+++ Dataset +++

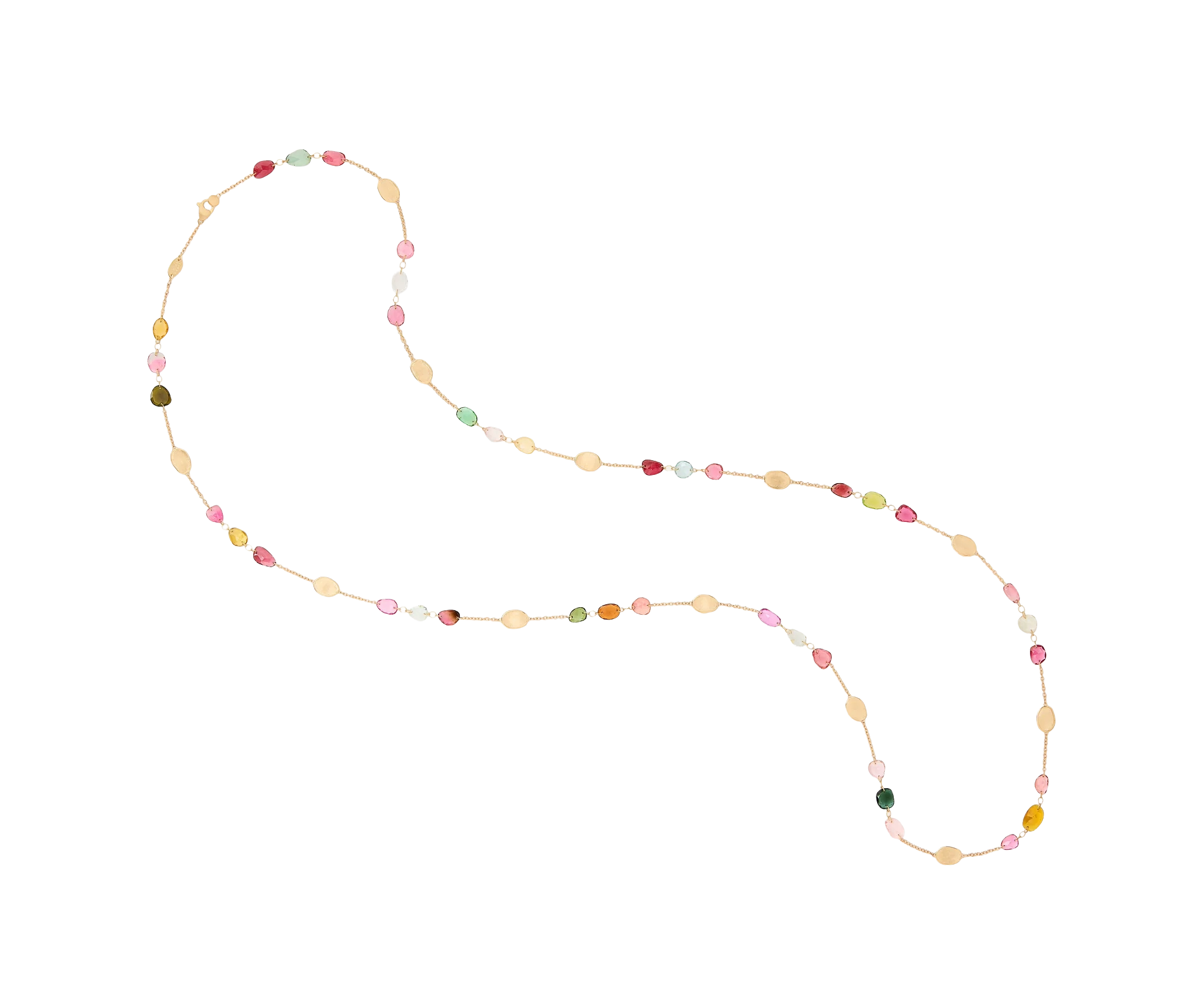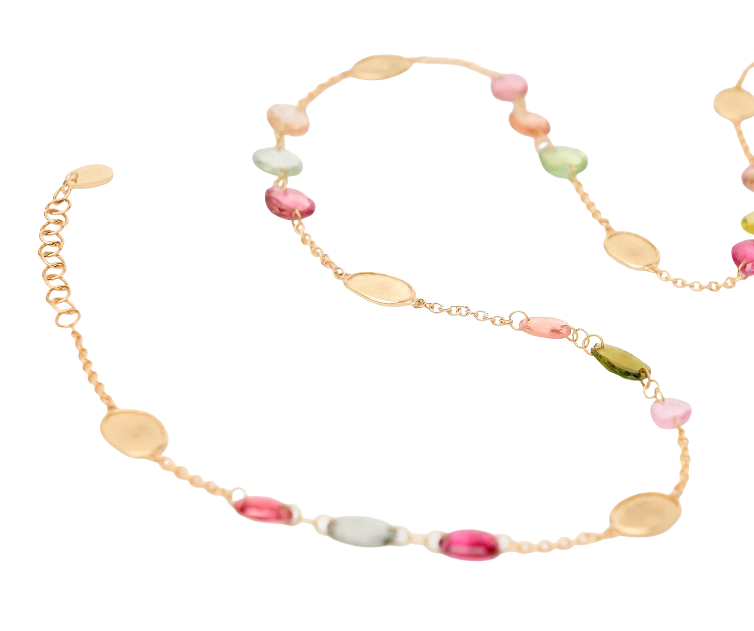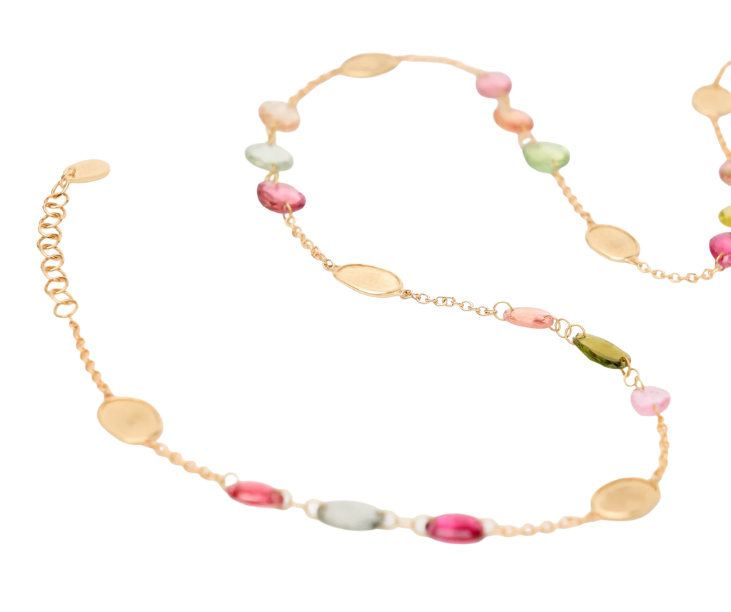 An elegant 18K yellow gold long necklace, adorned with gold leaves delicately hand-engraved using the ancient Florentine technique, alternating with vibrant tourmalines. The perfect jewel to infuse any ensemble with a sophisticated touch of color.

+++
+++ Dataset +++

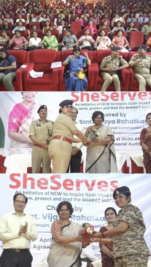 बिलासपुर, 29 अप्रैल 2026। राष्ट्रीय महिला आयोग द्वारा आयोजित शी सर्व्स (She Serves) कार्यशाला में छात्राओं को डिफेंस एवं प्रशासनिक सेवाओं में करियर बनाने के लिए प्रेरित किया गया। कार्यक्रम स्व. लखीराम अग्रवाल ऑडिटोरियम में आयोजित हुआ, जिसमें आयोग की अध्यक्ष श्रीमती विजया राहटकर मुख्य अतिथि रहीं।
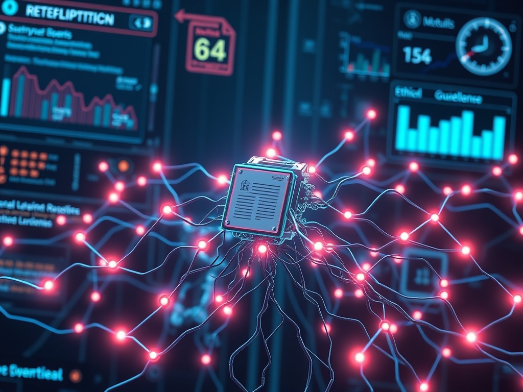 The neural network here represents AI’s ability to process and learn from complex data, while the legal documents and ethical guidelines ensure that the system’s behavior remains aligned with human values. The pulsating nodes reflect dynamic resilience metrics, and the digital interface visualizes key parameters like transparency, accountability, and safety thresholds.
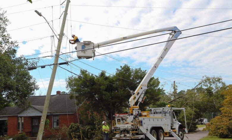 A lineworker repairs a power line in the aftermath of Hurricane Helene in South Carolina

+++

Prompt:
Though the entries above contain pictures, none should be copied; reproduce only the lines between the one holding "बिलासपुर, 29 अप्रैल" and the one holding "The neural network", inclusive, exactly as written.

Answer to the problem:
 बिलासपुर, 29 अप्रैल 2026। राष्ट्रीय महिला आयोग द्वारा आयोजित शी सर्व्स (She Serves) कार्यशाला में छात्राओं को डिफेंस एवं प्रशासनिक सेवाओं में करियर बनाने के लिए प्रेरित किया गया। कार्यक्रम स्व. लखीराम अग्रवाल ऑडिटोरियम में आयोजित हुआ, जिसमें आयोग की अध्यक्ष श्रीमती विजया राहटकर मुख्य अतिथि रहीं।
 The neural network here represents AI’s ability to process and learn from complex data, while the legal documents and ethical guidelines ensure that the system’s behavior remains aligned with human values. The pulsating nodes reflect dynamic resilience metrics, and the digital interface visualizes key parameters like transparency, accountability, and safety thresholds.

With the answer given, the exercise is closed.